One time, someone asked me what my name was. I said, “Mark Xu.” Afterward, they probably believed my name was “Mark Xu.” I’m guessing they would have happily accepted a bet at 20:1 odds that my driver’s license would say “Mark Xu” on it.
The prior odds that someone’s name is “Mark Xu” are generously 1:1,000,000. Posterior odds of 20:1 implies that the odds ratio of me saying “Mark Xu” is 20,000,000:1, or roughly 24 bits of evidence. That’s a lot of evidence.
Seeing a Wikipedia page say “X is the capital of Y” is tremendous evidence that X is the capital of Y. Someone telling you “I can juggle” is massive evidence that they can juggle. Putting an expression into Mathematica and getting Z is enormous evidence that the expression evaluates to Z. Vast odds ratios lurk behind many encounters.
One implication of the Efficient Market Hypothesis (EMH) is that is it difficult to make money on the stock market. Generously, maybe only the top 1% of traders will be profitable. How difficult is it to get into the top 1% of traders? To be 50% sure you're in the top 1%, you only need 200:1 evidence. This seemingly large odds ratio might be easy to get.
On average, people are overconfident, but 12% aren't. It only takes 50:1 evidence to conclude you are much less overconfident than average. An hour or so of calibration training and the resulting calibration plots might be enough.
Running through Bayes’ Rule explicitly might produce a bias towards middling values. Extraordinary claims require extraordinary evidence, but extraordinary evidence might be more common than you think.
More Facebook discussion of this post:
___________________________
Satvik Beri: I think Bayes' Theorem is extremely hard to apply usefully, to the point that I rarely use it at all despite working in data science.

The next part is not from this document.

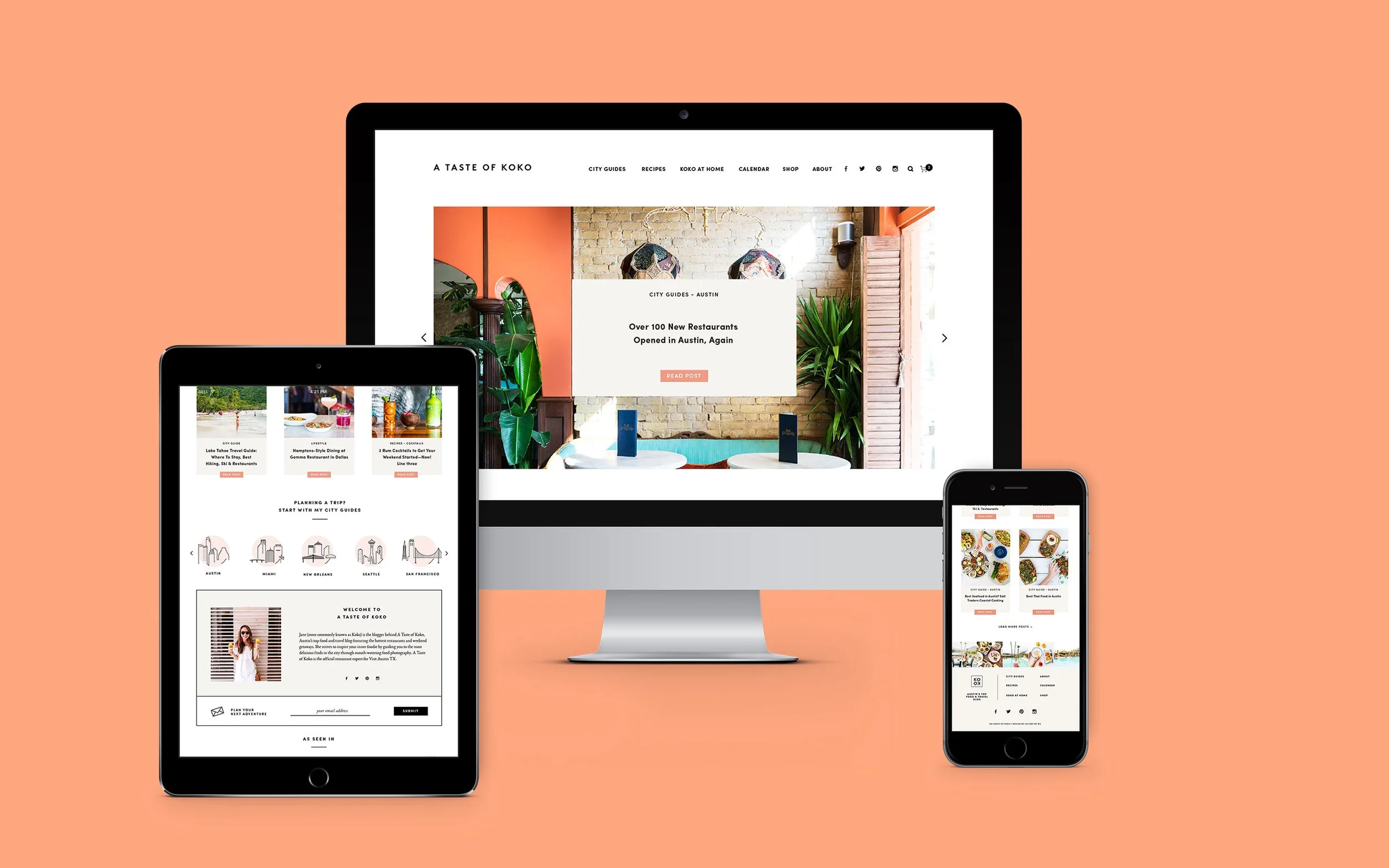 Brand identity and custom Wordpress website for Austin-based food and travel influencer, Jane Koko aka A Taste of Koko.

A major problem that leads people to be underconfident is the temptation to round down evidence to reasonable odds, like the post mentions. A major problem that leads people to be overconfident is applying lots of small pieces of information while discounting the correlations between them.
A comment [on LessWrong] mentions that if you have excellent returns for a year, that's strong evidence you're a top 1% trader. That's not really true, the market tends to move in regimes for long periods of time, so a strategy that works well for a year is pretty likely to have average performance the next year. Studies on hedge fund managers have found it is extremely difficult to find consistent outperformers, e.g. 5-year performance on pretty much any metric is uncorrelated to the performance on that metric next year.
I didn’t say anything about what size/duration of returns would make you a top 1% trader.